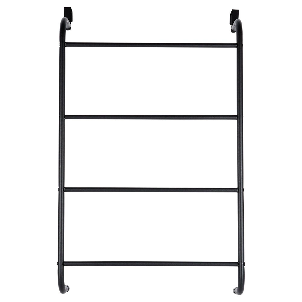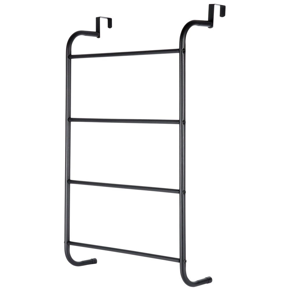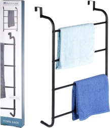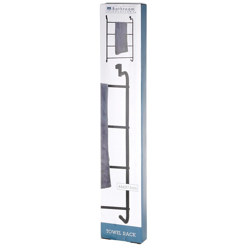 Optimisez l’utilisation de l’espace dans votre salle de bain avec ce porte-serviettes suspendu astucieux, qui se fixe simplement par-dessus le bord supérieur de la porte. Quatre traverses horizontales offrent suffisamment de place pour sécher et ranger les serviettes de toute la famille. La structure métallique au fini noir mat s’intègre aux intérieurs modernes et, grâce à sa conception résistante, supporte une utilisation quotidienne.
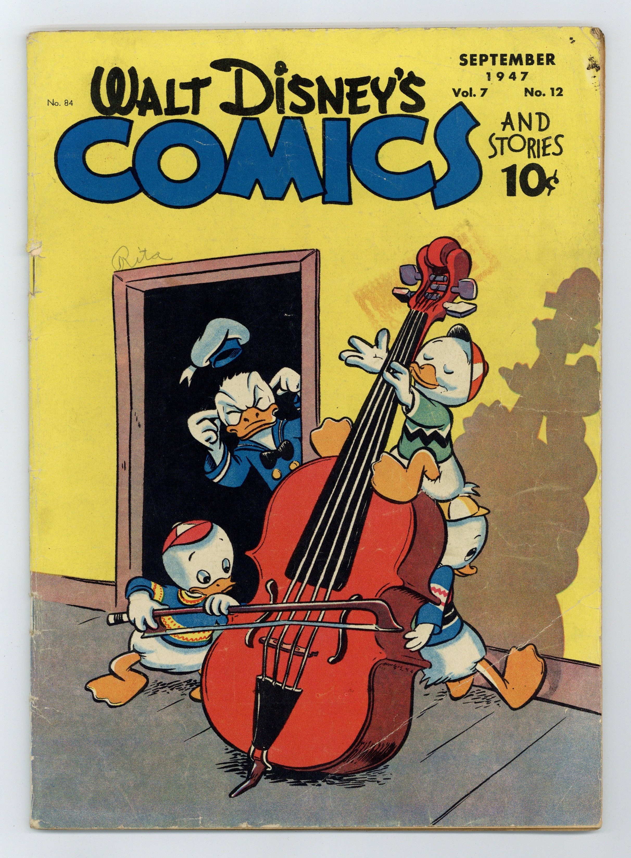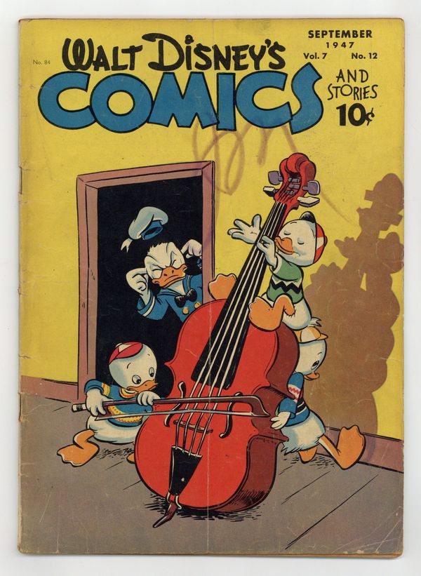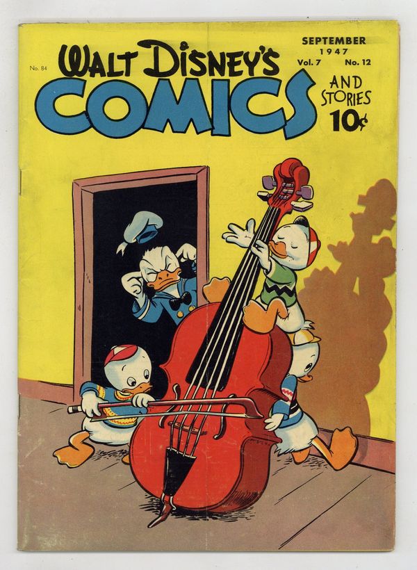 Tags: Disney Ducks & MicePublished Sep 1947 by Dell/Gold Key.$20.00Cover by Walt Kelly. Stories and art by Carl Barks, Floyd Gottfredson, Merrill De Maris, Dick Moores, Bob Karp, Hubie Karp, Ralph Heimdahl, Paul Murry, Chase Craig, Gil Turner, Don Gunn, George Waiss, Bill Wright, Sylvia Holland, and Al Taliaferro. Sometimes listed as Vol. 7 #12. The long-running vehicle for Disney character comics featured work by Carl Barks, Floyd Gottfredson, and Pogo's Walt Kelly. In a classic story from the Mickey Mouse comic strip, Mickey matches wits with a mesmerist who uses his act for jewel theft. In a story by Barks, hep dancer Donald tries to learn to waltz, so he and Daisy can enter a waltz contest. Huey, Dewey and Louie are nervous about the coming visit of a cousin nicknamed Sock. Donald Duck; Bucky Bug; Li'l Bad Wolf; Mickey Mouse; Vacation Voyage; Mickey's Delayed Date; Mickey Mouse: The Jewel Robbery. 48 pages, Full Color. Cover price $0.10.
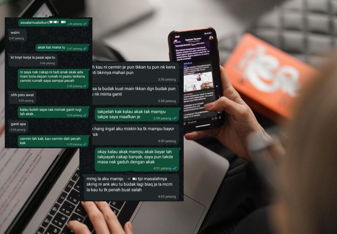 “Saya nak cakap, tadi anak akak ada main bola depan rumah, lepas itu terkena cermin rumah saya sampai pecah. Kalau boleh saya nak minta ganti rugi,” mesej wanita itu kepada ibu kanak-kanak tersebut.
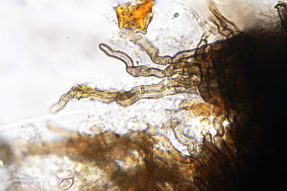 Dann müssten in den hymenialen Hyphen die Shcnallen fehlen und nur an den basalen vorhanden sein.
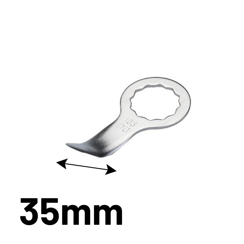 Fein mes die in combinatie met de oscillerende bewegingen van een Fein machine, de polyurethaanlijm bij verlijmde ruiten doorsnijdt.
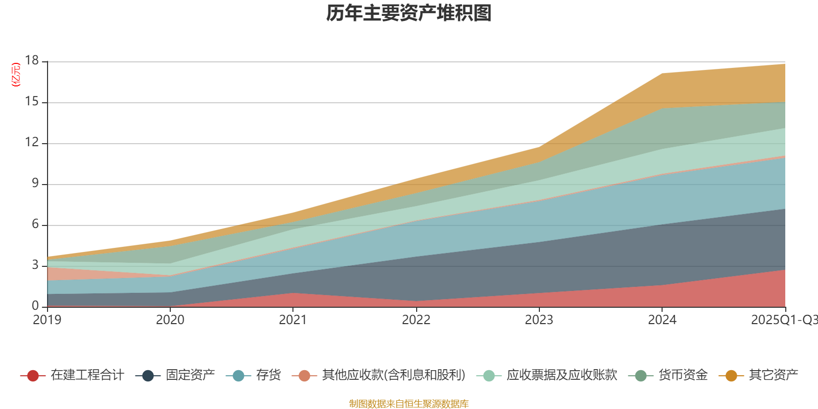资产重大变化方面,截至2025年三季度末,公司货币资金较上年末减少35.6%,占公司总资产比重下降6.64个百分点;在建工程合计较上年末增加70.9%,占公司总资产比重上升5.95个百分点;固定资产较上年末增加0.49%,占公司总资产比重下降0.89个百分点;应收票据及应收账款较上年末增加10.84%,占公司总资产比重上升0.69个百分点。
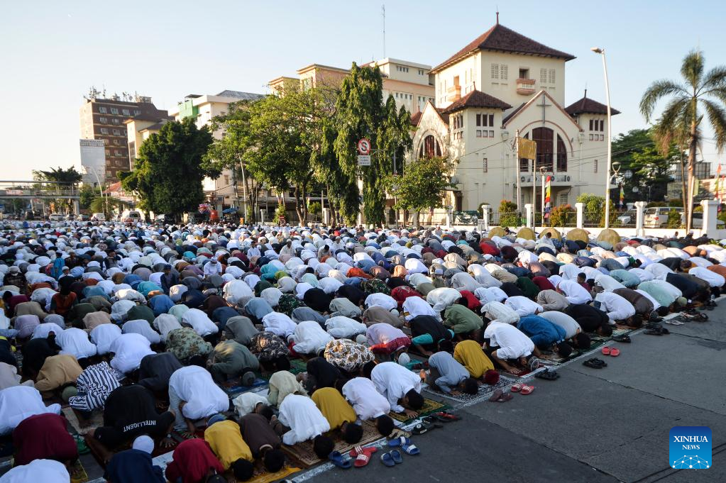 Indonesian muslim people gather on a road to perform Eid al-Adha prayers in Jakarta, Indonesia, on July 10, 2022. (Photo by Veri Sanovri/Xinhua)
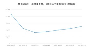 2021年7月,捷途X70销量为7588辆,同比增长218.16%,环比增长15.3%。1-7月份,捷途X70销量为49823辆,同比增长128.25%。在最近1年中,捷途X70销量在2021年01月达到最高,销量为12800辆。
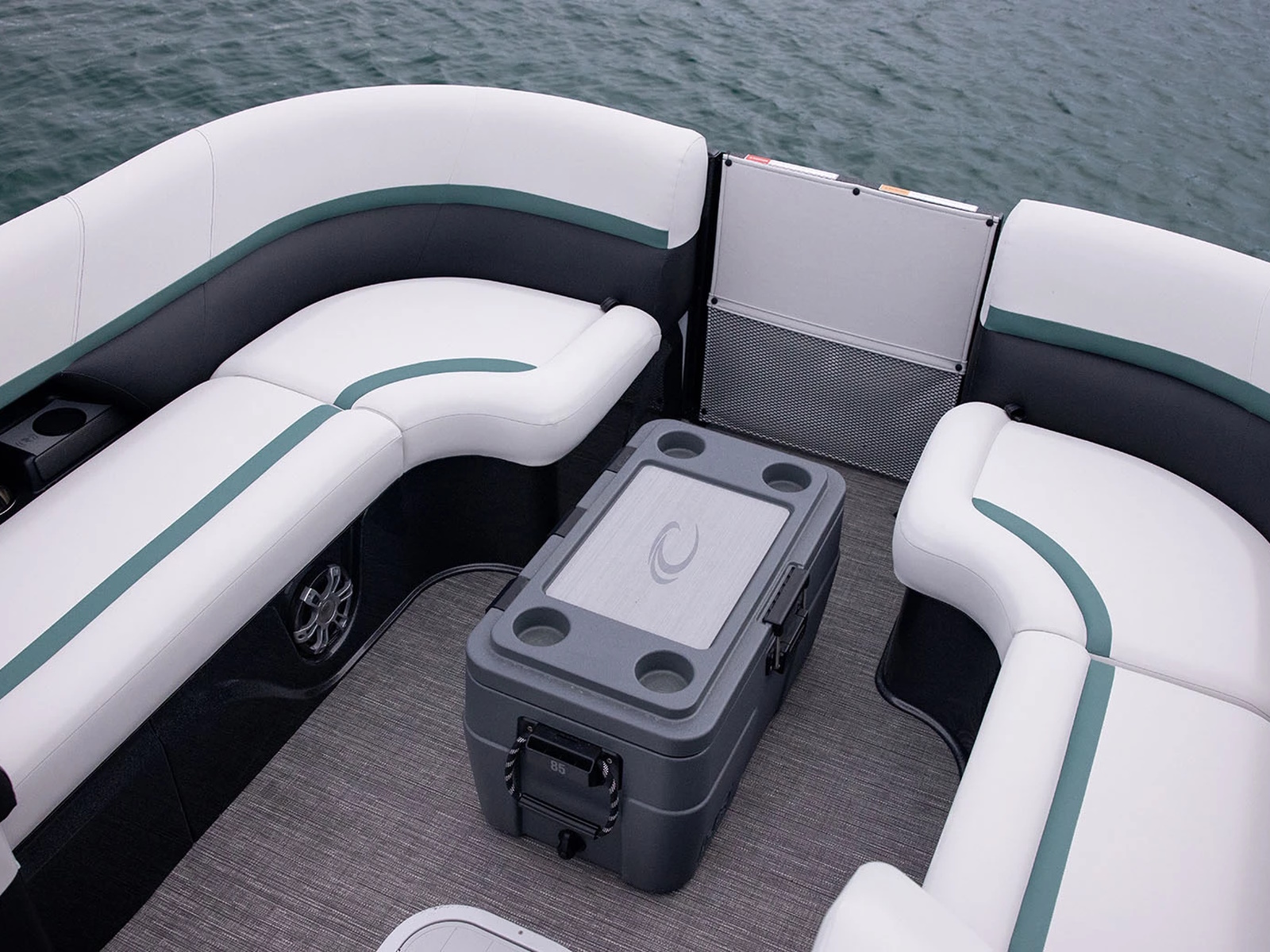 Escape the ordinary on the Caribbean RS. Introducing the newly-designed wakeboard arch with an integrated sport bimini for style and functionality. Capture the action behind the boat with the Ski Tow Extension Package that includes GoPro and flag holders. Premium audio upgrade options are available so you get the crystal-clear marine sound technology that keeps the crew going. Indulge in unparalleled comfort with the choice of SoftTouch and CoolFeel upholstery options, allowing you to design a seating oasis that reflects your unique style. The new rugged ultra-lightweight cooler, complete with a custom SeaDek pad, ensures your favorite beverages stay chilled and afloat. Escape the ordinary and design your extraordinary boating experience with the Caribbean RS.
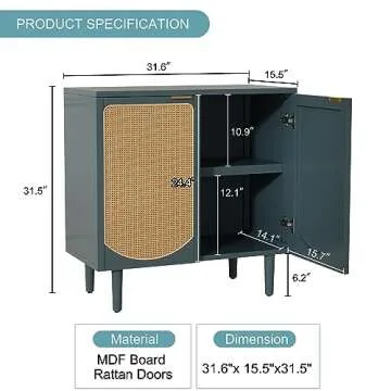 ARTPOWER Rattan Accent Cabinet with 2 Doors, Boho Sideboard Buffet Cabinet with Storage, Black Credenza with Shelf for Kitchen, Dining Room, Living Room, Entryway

——

WORK TO BE COMPLETED:
Give back each entry verbatim but drop its pictures.

TASK SOLUTION:
 Optimisez l’utilisation de l’espace dans votre salle de bain avec ce porte-serviettes suspendu astucieux, qui se fixe simplement par-dessus le bord supérieur de la porte. Quatre traverses horizontales offrent suffisamment de place pour sécher et ranger les serviettes de toute la famille. La structure métallique au fini noir mat s’intègre aux intérieurs modernes et, grâce à sa conception résistante, supporte une utilisation quotidienne.
 Tags: Disney Ducks & MicePublished Sep 1947 by Dell/Gold Key.$20.00Cover by Walt Kelly. Stories and art by Carl Barks, Floyd Gottfredson, Merrill De Maris, Dick Moores, Bob Karp, Hubie Karp, Ralph Heimdahl, Paul Murry, Chase Craig, Gil Turner, Don Gunn, George Waiss, Bill Wright, Sylvia Holland, and Al Taliaferro. Sometimes listed as Vol. 7 #12. The long-running vehicle for Disney character comics featured work by Carl Barks, Floyd Gottfredson, and Pogo's Walt Kelly. In a classic story from the Mickey Mouse comic strip, Mickey matches wits with a mesmerist who uses his act for jewel theft. In a story by Barks, hep dancer Donald tries to learn to waltz, so he and Daisy can enter a waltz contest. Huey, Dewey and Louie are nervous about the coming visit of a cousin nicknamed Sock. Donald Duck; Bucky Bug; Li'l Bad Wolf; Mickey Mouse; Vacation Voyage; Mickey's Delayed Date; Mickey Mouse: The Jewel Robbery. 48 pages, Full Color. Cover price $0.10.
 “Saya nak cakap, tadi anak akak ada main bola depan rumah, lepas itu terkena cermin rumah saya sampai pecah. Kalau boleh saya nak minta ganti rugi,” mesej wanita itu kepada ibu kanak-kanak tersebut.
 Dann müssten in den hymenialen Hyphen die Shcnallen fehlen und nur an den basalen vorhanden sein.
 Fein mes die in combinatie met de oscillerende bewegingen van een Fein machine, de polyurethaanlijm bij verlijmde ruiten doorsnijdt.
资产重大变化方面,截至2025年三季度末,公司货币资金较上年末减少35.6%,占公司总资产比重下降6.64个百分点;在建工程合计较上年末增加70.9%,占公司总资产比重上升5.95个百分点;固定资产较上年末增加0.49%,占公司总资产比重下降0.89个百分点;应收票据及应收账款较上年末增加10.84%,占公司总资产比重上升0.69个百分点。
 Indonesian muslim people gather on a road to perform Eid al-Adha prayers in Jakarta, Indonesia, on July 10, 2022. (Photo by Veri Sanovri/Xinhua)
 2021年7月,捷途X70销量为7588辆,同比增长218.16%,环比增长15.3%。1-7月份,捷途X70销量为49823辆,同比增长128.25%。在最近1年中,捷途X70销量在2021年01月达到最高,销量为12800辆。
 Escape the ordinary on the Caribbean RS. Introducing the newly-designed wakeboard arch with an integrated sport bimini for style and functionality. Capture the action behind the boat with the Ski Tow Extension Package that includes GoPro and flag holders. Premium audio upgrade options are available so you get the crystal-clear marine sound technology that keeps the crew going. Indulge in unparalleled comfort with the choice of SoftTouch and CoolFeel upholstery options, allowing you to design a seating oasis that reflects your unique style. The new rugged ultra-lightweight cooler, complete with a custom SeaDek pad, ensures your favorite beverages stay chilled and afloat. Escape the ordinary and design your extraordinary boating experience with the Caribbean RS.
 ARTPOWER Rattan Accent Cabinet with 2 Doors, Boho Sideboard Buffet Cabinet with Storage, Black Credenza with Shelf for Kitchen, Dining Room, Living Room, Entryway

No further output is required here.